Привитые яблони и груши, дальневосточный лимонник, жимолость. Даже и дыни — конечно, лишь робкой кислой зеленью успевающие вызреть. Хотя в августе я находил среди них и арбуз — меня будили, посылали посмотреть, «не выросло ли чего». Его хвостик веревочкой. Август, возвращенный в Москву, в школу. Хотя конец августа, когда уже хочется московской чистоты, горячей воды и тепла. Скудные хлопья искр из-под ночных колес — жатва осеннего лысого поля. Чайный кашель, моховая отрыжка — приезжали с дачи, тут ждал дом, было тепло. Не в смысле, что на даче похолодало, а что есть куда, когда кончается что-то. Вот грязные пакеты с урожаем, земля с сапог — Илья-пророк. Все немного дикие, и городской дом странно пахнет застоявшимся лаком, бетоном и пластиком. Быстро натопится. Гром гремит, земля трясется, поп на курице несется. Смешная суета, дорога за холмами за плечами. Да и черная простыня августовского неба, из дыр которого сквозит. А тут горячая ванна как мечта, как итог пор лета, потевших солнцем, но пора! Дача, пока, мы не будем помнить и быть друг для друга. До следующего лета, следующих лет. И еще вот что — мы не хотим утра. Там будет утро — и нас там нет. А потом, наконец и сейчас, август этих базедовых звезд на этой черноте неба, которое — одиночество, все умрут, все умрут без остатка, только ты, вернее, тоже нет, только один(очество). Без отчества — за тобой никого, только ошметки воспоминаний, только дула звезд.
Одиночество накормит тебя грудью, будет тебе заботливой старшей сестрой. Возьмет счет и все заплатит. Откроет все окна, скажет: «Иди!» И ты можешь уйти. А оно будет расти в твоем доме, неизменно, как ногти на покойнике. Нежное, как твой кот. Возьми его на руки — найдет твою ладошку. Глотая ту сосульку — согреет и поймет. И до конца не убьет. Нет, придушит и пойдет.
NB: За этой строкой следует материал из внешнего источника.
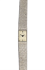 ladies watch, "PIAGET" from the 1967s, white gold 750/000 signed PIAGET, stick index, blued hand, a so-called Backwinder (setting of the hands and wind up mechanisme are at the bottom of the case), folding clasp, lenght = 16.0 cm (very short !), clock is running, total 38.1 g, nice classic item with original box and guarantee card !
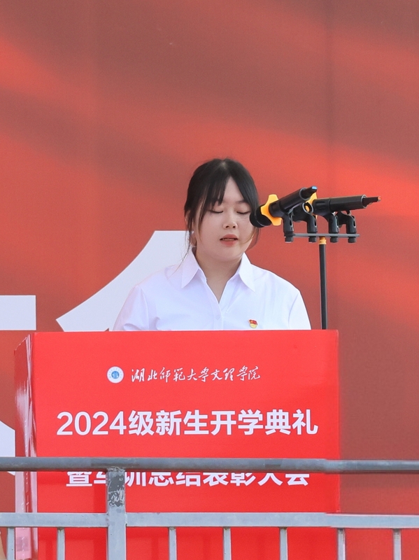 老生代表张钰娴发言激励同学们传承军训精神,勇敢面对生活中每一个挑战,树立新学期目标,团结互助,共创美好未来。
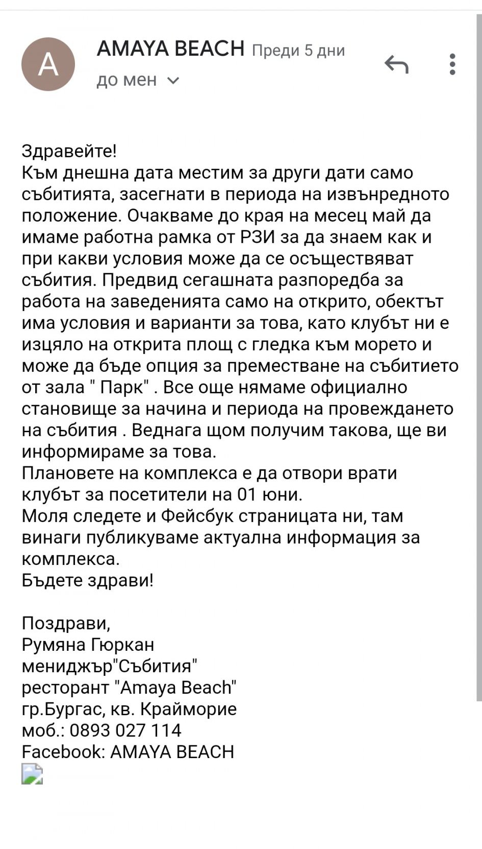 Аз съм от Бургас, но от заведението нищо не са казали. Онзи ден си писах с тях и казаха, че за сега а отменили само сватби до 13 май. Имало възможност да направим сватбата в клуба им/ако се наложи/. Това мен не ми харесва, първо, защото в съседната зала има още една сватба. Как ще се реши коя от двете двойки да вземе клуба? Второ, не го харесвам, има басейн, огромна сцена и всичко е  на сепарета.. Предпочитам в градината на наща зала. Както и да е. Казаха, че ако има промени ще ни уведомят  да следим страницата им във фб. Все пак смятам юни месец пак да ги прослушам, така или иначе трябва да уточняваме менюта.
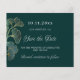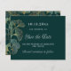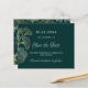 Um moderno e elegante Salve a Data para um casamento. Fundo verde esmeralda decorado com folhas de ginkgo. Personalize e adicione uma data e nomes. O texto: Salvar a Data é gravado com um script de estilo com letra de tendência grande. 1 folha = 1 salve a data da borda impressa em borda.
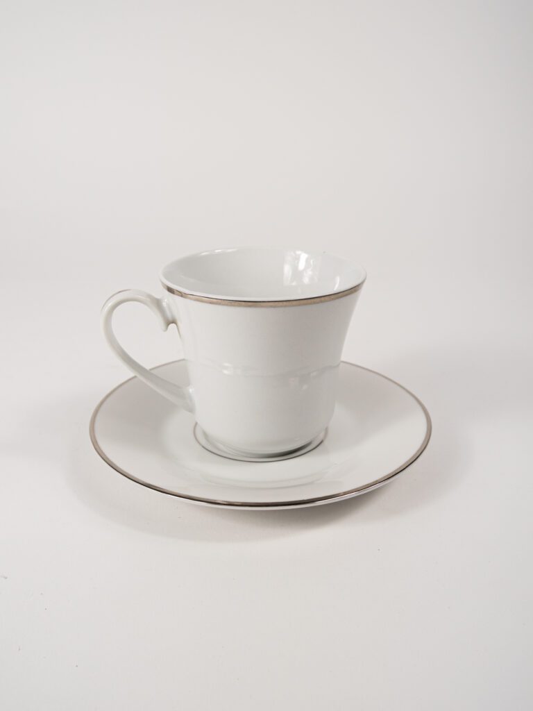 – White & Platinum Coffee Cup & Saucer

Робкая душа убьет тебя на рассвете. Придет разбудить и скажет: что ты лежишь, они ждут, надо идти. Лучи солнца будут как еще не прозвучавшая вспышка, там, за сараем, где угол углов. Птицы сначала вскриками, потом перекличкой, как в очереди. Такой нежный, тонкий, как ручка ребенка, в заботливой пригоршне дан тебе день. Поделись им до конца — на рассвете, на рассвете, когда церкви плывут в молочной лазури с пенкой кувшинок — отдай все, что есть у тебя. Вой. Но. Отдай. На!
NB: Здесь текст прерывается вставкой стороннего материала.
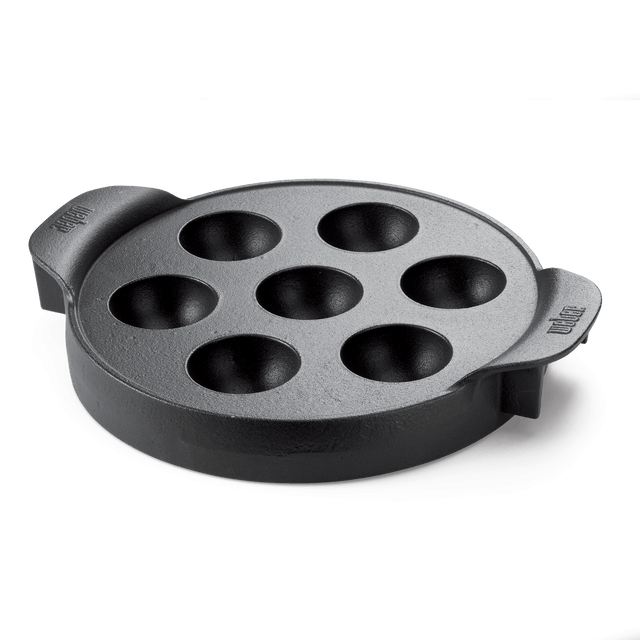 Den lækre æbleskivepande af støbejern kan udover æbleskiver også anvendes til at bage små kager og desserter. Når du sætter æbleskivepanden i GBS-risten bliver støbejernet hurtigt ekstremt varmt, så bagværket får en sprød skorpe – samtidig med at ”brødet” indeni forbliver luftigt og lækkert.

Мчаться на велосипедах по улицам «садовых товариществ», где какая дорогая — убитый песок, остатки асфальта или лужа с трубой. И какие участки — запущенные совсем иногда, шпана и привидения, или, ближе к деревне, в несколько этажей. Какой угол повтора, гора разгона, след камней в несколько метров, запятая кометы затормозить. Я умел ездить без рук, вставать на дыбы и тормозить с разворотом! И главное, исследовать, куда ведут — перекресток, тупик, новые улицы или все закончится лесом, в объезд по нему. Водокачка, фургончик и злая собака, трансформатор и пруд. А в августе — собирать грибы! Кто еще знал, сколько их на просеках у заборов под деревьями под самым носом! И мечтать встретить девочку на следующей улице, в том, может, доме, где открытое окно вдыхает тюль и видно полпотолка чужой жизни. Она, конечно, будет, как в «Едином» Ричарда Баха, волшебное «One» еще до U2. Я буду ездить, мы будем встречаться на средних улицах, оставлять записки на подъезде к поляне, на остановке «Закат». Те мечты, конечно, были больше всего, что будет потом. Тела ведь не было — была только легкость. Я долго после детства держал велосипед — синий «Аист», ничего лишнего и мощный тюнинг, как сказали б сейчас, — в своей комнате дома в Москве. Во время одной из генеральных уборок захотел минимализма или свободы, не помню уже. Разобрал и вынес на балкон. Потом мне в очередной раз сказали выбросить его уж наконец. Бардак, не пройти, все равно не буду кататься, а если и будешь, купишь же новый. Сколько можно хранить весь этот хлам? И я сам вынес его на помойку, подумав, что да, сохранять, действительно, нужно не так. (Разобранный и сложенный, он стал меньше ростом, как скрюченный скелет старика, которого я нес перед собой на руках.) Сохранил ли я его сейчас? «Сохранить», что-то маловато для гимна. Ручки антенной из свалки, сто слоев над хромом закрылков или цыганский утиль (мне всегда было интересно, как и куда уходят вещи, экология прошлого, вторсырье памяти). Той бабе пошлю сейчас запрос в Badoo или где, свидание с третьей фразы, если не совсем «клиника» после развода, что время терять. А он сейчас точно в самом лучшем велосипедном раю, где никогда не слетает цепь и на дачных просеках встречаются даже
Слоны на туманных ногах танцуют в лужах, лужах. Видения исходят в снах, как с потом жар, — ты пуст, мир снова нужен.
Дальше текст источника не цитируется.